Annualized this would equal $23.61 x 365 = $8,616.25 which would equal 4.00755% yearly interest on my $215k investment.

I thought I was supposed to get 4.293%. on the T bill.

Currently 7-day yield is 4.01% in MM account, which is essentially equivalent to the actual bond return. This means the only real advantage of the Tbill is not having to pay high California state tax on the returns, which is still a plus. But I don’t like playing with things I don’t understand, even if the risk is low. Can someone please tell me how I should be calculating this and/or if I am looking at these Tbills all wrong?
 
OP,
It looks like you bought this in the auction today. There was a new 8 week t-bill auctioned today and its price of 99.41222 exactly matches your total price of $213,583.63 for par value of $215,000.
The quote you see with ask price of 99.300 is for a secondary market quote of a 17 week t-bill auctioned in November with same CUSIP number as the new 8-week t-bill auctioned today.
 
OP,
It looks like you bought this in the auction today. There was a new 8 week t-bill auctioned today and its price of 99.41222 exactly matches your total price of $213,583.63 for par value of $215,000.
The quote you see with ask price of 99.300 is for a secondary market quote of a 17 week t-bill auctioned in November with same CUSIP number as the new 8-week t-bill auctioned today.

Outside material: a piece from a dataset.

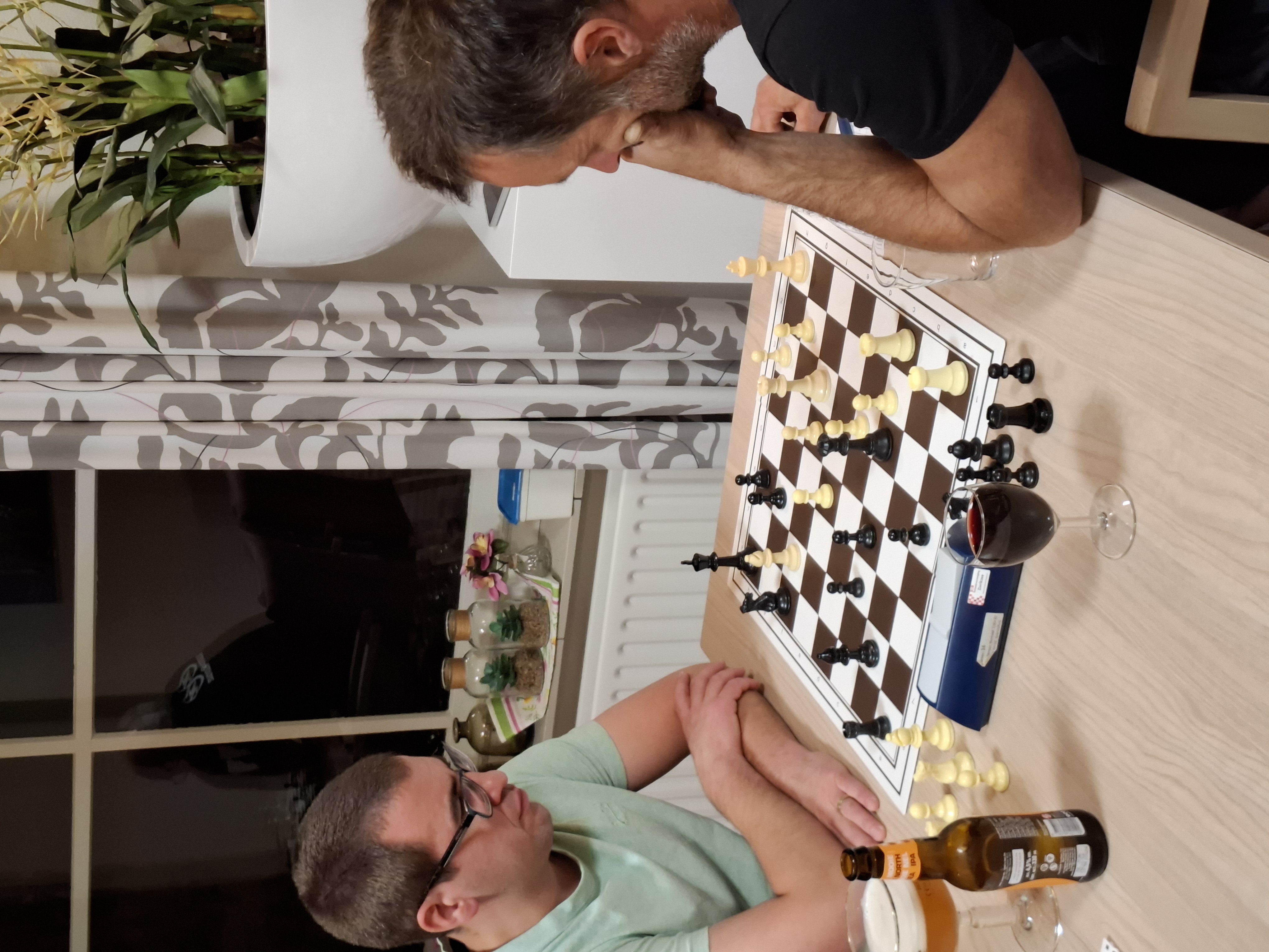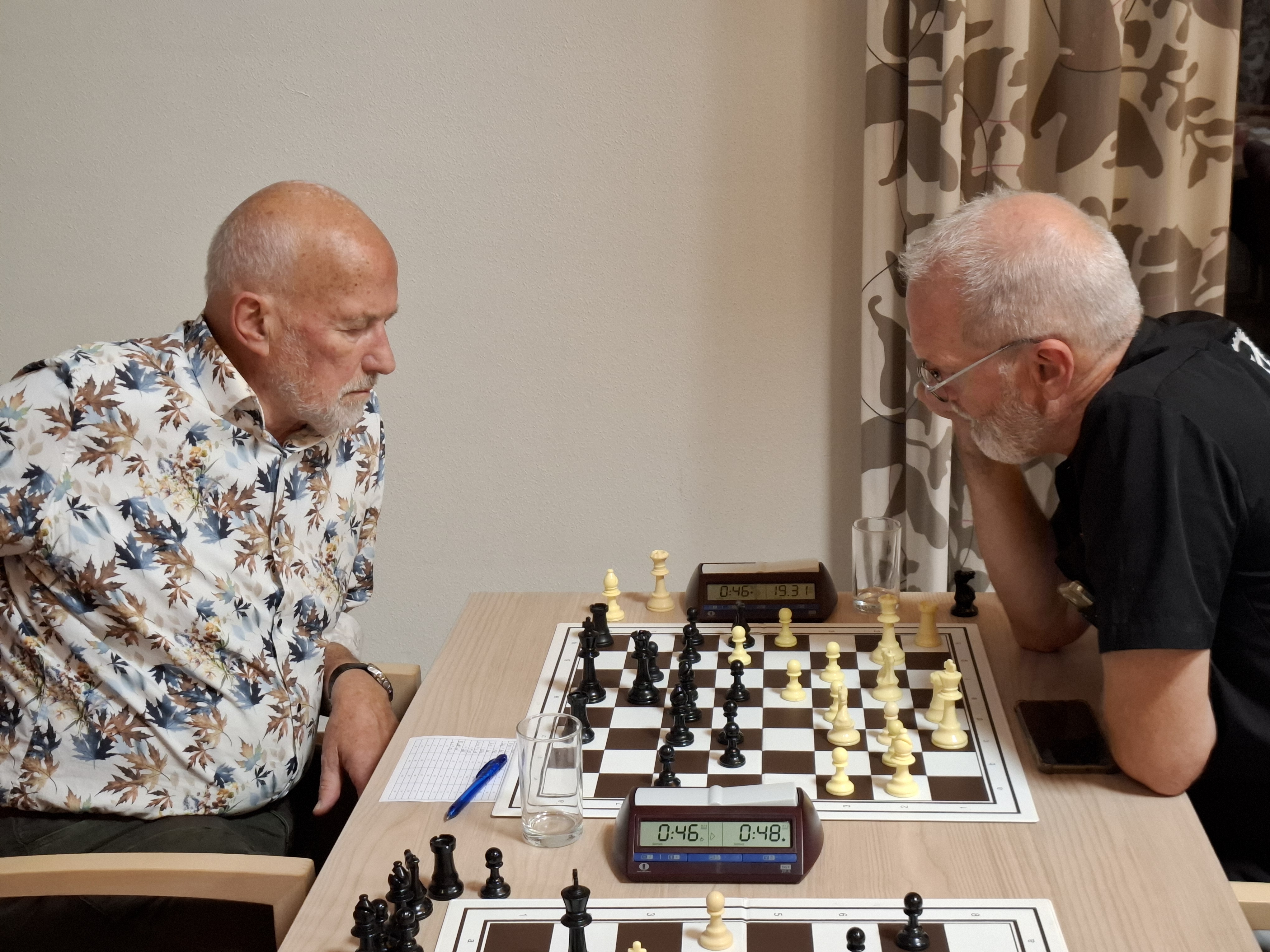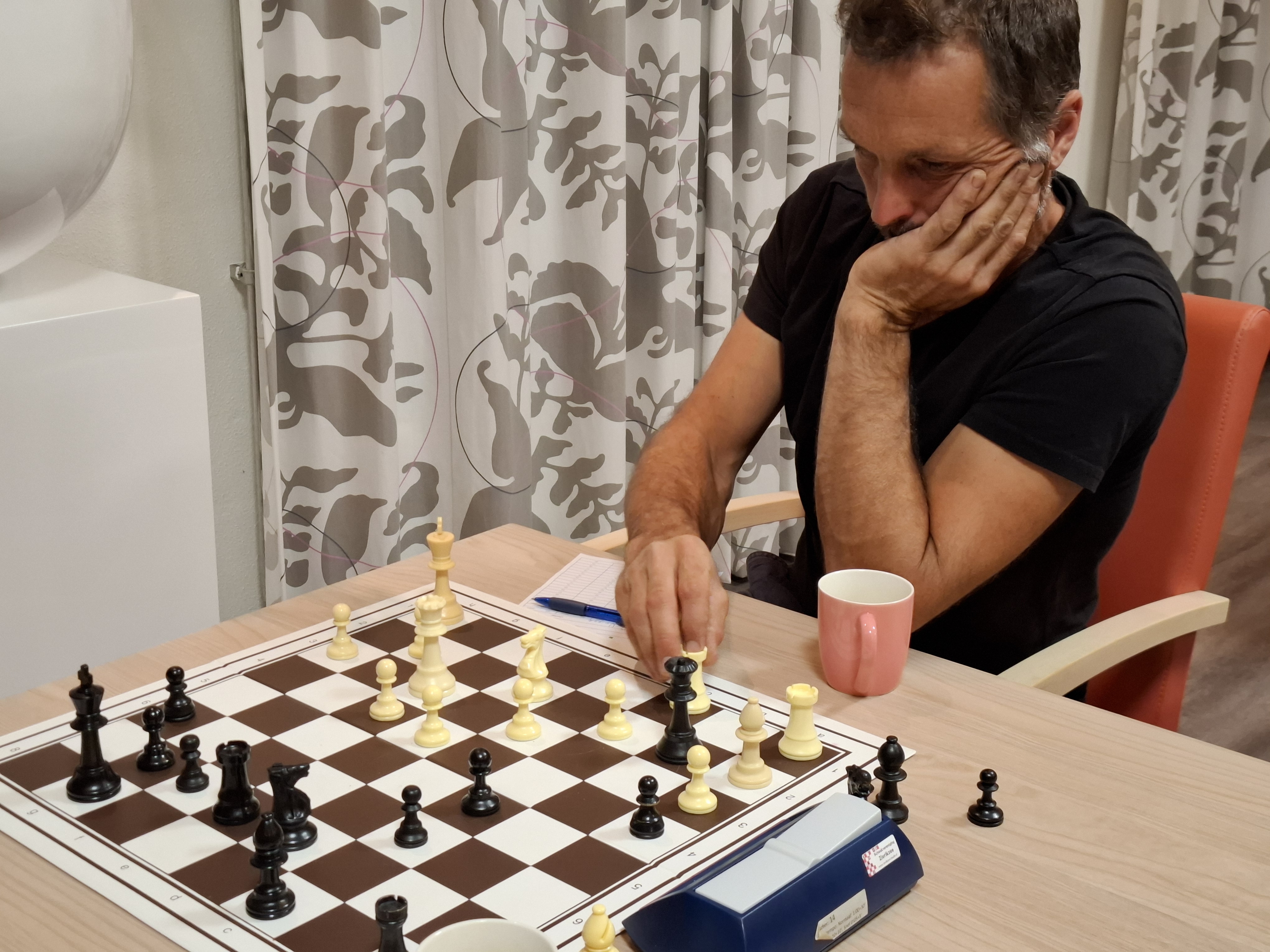 Het was even wennen na al die snelle partijen in de zomer competitie. Nu weer voldoende denk tijd maar toch ging het nog te snel. Zeker als de opening de eerste zes zetten volgens het boekje ging. Dan bega je daarna de fout door te snel te blijven spelen. Zo zag Blinde een pion winst over het hoofd doordat Baakman de dekking van die pion ophief.
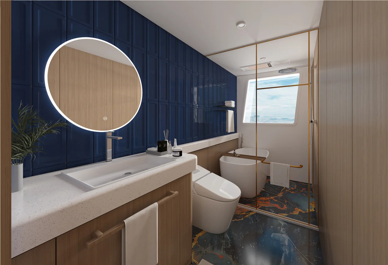 На нижній палубі за запитом можуть бути додані 1-3 додаткові каюти, що дає можливість гнучко формувати склад групи. Усі каюти обладнані кондиціонуванням і зручностями для тривалого перебування.

I was trying to buy a new 8 week t-bill. So that part worked out. But I don't know how to look at the fidelity offerings and KNOW what the interest rate will be. Maybe because I was aiming for a new (auction) purchase there would not be a way to know the final return until the auction is over?? Is that how it works?
 
I was trying to buy a new 8 week t-bill. So that part worked out. But I don't know how to look at the fidelity offerings and KNOW what the interest rate will be. Maybe because I was aiming for a new (auction) purchase there would not be a way to know the final return until the auction is over?? Is that how it works?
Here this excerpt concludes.